Do you have pics. There are no Blue Cats in CJ??????


----------



## 9Left

Flathead king is right...Indian and St Mary's always seem to have an abundance of cats that are fairly easy to catch..ive very seldom caught em over 5/6 pounds though..but youll be busy all day or night there when they're biting.


----------



## sc83

my bets on cj. always catching them there.


----------



## Salmonid

Most of the lakes in SW region are good catfish lakes but it all depends on what your looking for, ( regarding Channels) if numbers are your game.. then CJ, Indian, Loramie and GLSM is where you need to be fishing...... I would disagree with Flathead King about the channels at CJ though, they are numorous and faily small on the average ( 1-2 lbs) and yes, there are some bigger fish but Im looking at an average. If size is what your after regarding channels, Id look at some of the smaller lakes like Kiser, Acton, Eastwood and Rocky Fork, in these lakes your talking about less fish but a bigger average size. A lake Id stay away from is Ceasers Creek because it drops into really deep water so fast that the cats are hard to find outside of the spring when there on the banks. East Fork and Ceasers both harbor a decent population of Flatheads as does Rocky Fork. 
If your looking for lakes that fall into the middle of the spectrum, Id look at Paint Creek, Deer Creek and Cowan.
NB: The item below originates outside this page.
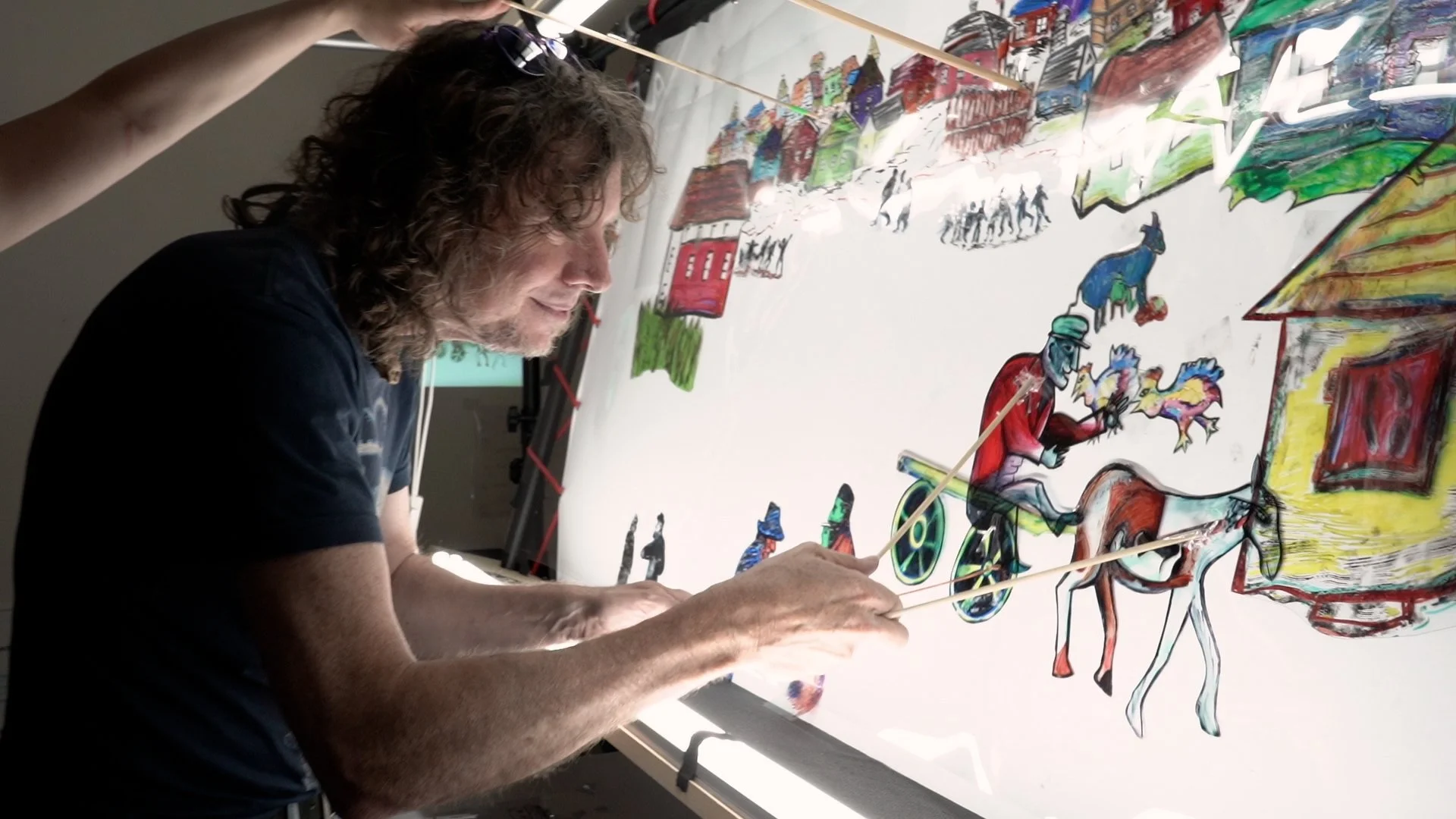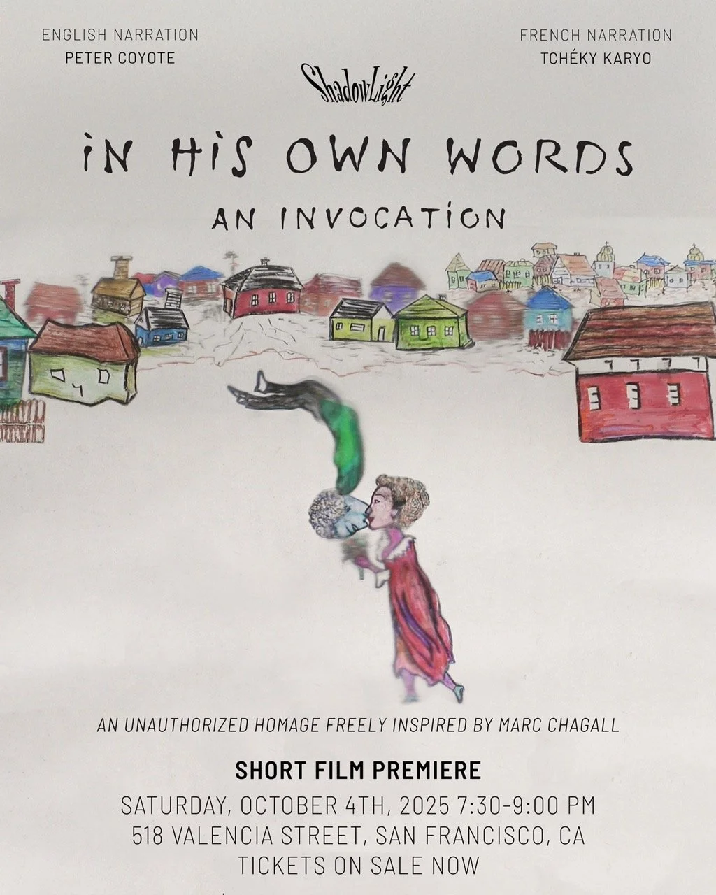 Blending shadow puppetry, animation, and early cinematic techniques, the production transforms Chagall’s words and paintings into a living tapestry of light and movement. Directed by Larry Reed with art direction by Naomie Kremer, this ShadowLight Productions film employs hand-crafted puppets, layered projections, and painterly visual effects evocative of Chagall’s dreamlike imagery.

Whats interesting is that Eastwood lake is a sleeper, it is the only lake in the region where if you catch 6 fish, they may be from 6 different year classes, thats kinda cool as most lakes in the SW area seem to have an average size where 3/4th of what you catch with be all the same size. 

Since Ive tourney fished most of the lakes over the last 10 years, I have a good feel about average sizes and what not. 

Someone mentioned no big fish at GLSM but last year in our tournament series of 8 tourneys, in 6 of them we took fish between 9-11 lbs and had 2nd biggest fish about 3 times.LOL Saw an honest 15 lber taken in one of the tourneys and the bait shop has a verified 16 lber they weighed in a picture. It always takes about 40-44 lbs with 6 fish to place at these tourneys so thats about 7+ lb average. GLSM is a quality lake and the catfishing just gets better each year according to the average weights of the tourneys up there. I might add that we have taken some very nice channels at Loramie too. 

If anyone wants more specific info about a certain lake send me a PM.

Salmonid


----------



## catmando

I agree with salmonoid. CC is a waste of time and has limited opportunity for cats.

posted using Outdoor Hub Campfire


----------



## Doctor

Because I mainly fish CJ Brown when not fishing the river it rates high by me, but I think that Rocky Fork is a sleeper lake that has huge channels in it, love fishing down there when it is cold and only fishermen on the water no jetski's or pleasure boaters.

Cowan is awesome also huge channels in that lake, I really enjoy GLSM and Indian if your wanting to put numbers in the boat, still again have seen some great fish come out of there but never from my boat.

Haven't fished Eastwood in years so I'll go with what Mark is saying, CC back in the 90's it was outstanding I spent a lot of time on that water with my first boat, but have never been back, now that I'm getting older and the gas prices keep rising I seem to travel less and less each year, I'll be fishing CJ Brown a lot this year on my days off during the week, so I'll be posting a lot of reports from that lake................Doc


----------



## saugmon

Indian has a ton of cats in there.I'll catch over a 100+ keeper size every trolling season.The ones we catch trolling cranks are usually 2#-4# range.There was a mega hatch of channels a couple years ago and I saw thousands of dead floating 6" cats everywhere.Last season we threw away a ton in the 12"-14" range.

The flatties they stocked several years are getting big. Caught half a dozen between 4#-11.5# trolling. These are all acidental cats and we're not targeting them but they are tearing up crawdad pattern bombers.


----------



## Flathead King 06

saugmon said:


> The flatties they stocked several years are getting big. Caught half a dozen between 4#-11.5# trolling.


Didn't know the DNR stocked flatheads... anyone have any info?


----------



## Bostonwhaler10

Someone was telling me brookeville lake has a lot of cats and they get big, anyone have anyluck there.


----------



## TomC

The flats we not stocked by the state, they were paylake catches that individuals put in there. Indian lake use to have a huge bullhead population, not anymore, they started to vanish about 3 years ago. They have done very well reproducing ive caught em anywhere from 2lbs up to 15lbs. 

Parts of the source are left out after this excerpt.